Sometime after the crash, a local resident, Evangelos Fotiou, 42, came across the scene of the accident and took money from one of the victims, the police said. It was unclear how much he took and where on the street he found it, the police said. Mr. Fotiou, who told officers he was going to return the money, was charged with obstructing governmental administration and petty larceny, the police said.
The livery driver, Ms. Velasquez, started working for Myrtle Car Service eight years ago, when women were rarely seen behind the wheels of cabs, especially in tough neighborhoods in inner Brooklyn, where the company is based.
“She was a strong lady,” Dagoberto Marin, the owner, said at his office on Sunday afternoon. “Spiritual, decisive, a very hard worker.”
Ms. Velasquez left Myrtle three years ago for another company, but returned two weeks ago because business had slowed at the other job, said Raul Alvarado, 43, another driver. “It was all about her daughters for her,” he said.
Neighbors of Ms. Velasquez, a single mother who lived in a four-story red-brick building on Steuben Street in the Clinton Hill neighborhood of Brooklyn, said she had two daughters, a 17-year-old, also named Bessy, and Kimberley, 14. She was an immigrant from Honduras who also worked as a cleaner for JetBlue Airways at La Guardia Airport.

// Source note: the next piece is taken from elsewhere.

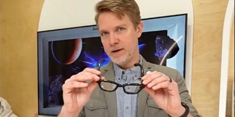 Google product lead Dieter Bohn demonstrates prototype AI smart glasses during a demo showing how the device can capture and modify photos using generative AI. (X/ @backlon)

“She was so busy,” said one neighbor, Joanna Colon, 26. “She would always come in, check on the girls and then run. She worked hard to give her daughters everything.”
Ms. Demetriou, who was known as Penny, moved to Astoria from Cyprus about seven years ago, said a friend, Effie Delimarkos Fletcher.
“She could find goodness in every situation,” said Ms. Fletcher, 28, speaking in the hallway of Ms. Demetriou’s apartment building on 35th Avenue. “She was the kind of friend that if you were a friend for a few months you were a friend for life.”
She had not been going out lately, working instead on her dissertation, but had attended a friend’s party Saturday night, Ms. Fletcher said.
“She was having such a good time, she convinced the other couple to stay a bit longer,” Ms. Fletcher said. “She had a really good time last night. We’re all hoping that was the last thing that was on her mind.”
Mr. Omar, whose name also appears in public records as Omar Daryush, was arrested in 2006 along with five other men after Thomas Whitney Jr., 24, of Hoboken, N.J., was found beaten on 19th Street near Avenue of the Americas in Chelsea. Investigators said Mr. Whitney had been with friends at a bar.
Initially, the investigation was stalled because the police were not immediately notified after the attack. Mr. Whitney, who was found on the ground without any identification, died 12 hours later.
A breakthrough in the case came after the police publicized surveillance images that showed three men on a shopping spree using Mr. Whitney’s credit cards. Mr. Omar and the others were arrested; he and two others were named as suspects in the killing and robbery, and the rest were considered suspects in criminal possession of stolen property.
Later newspaper accounts said the case could not proceed unless eyewitnesses came forward.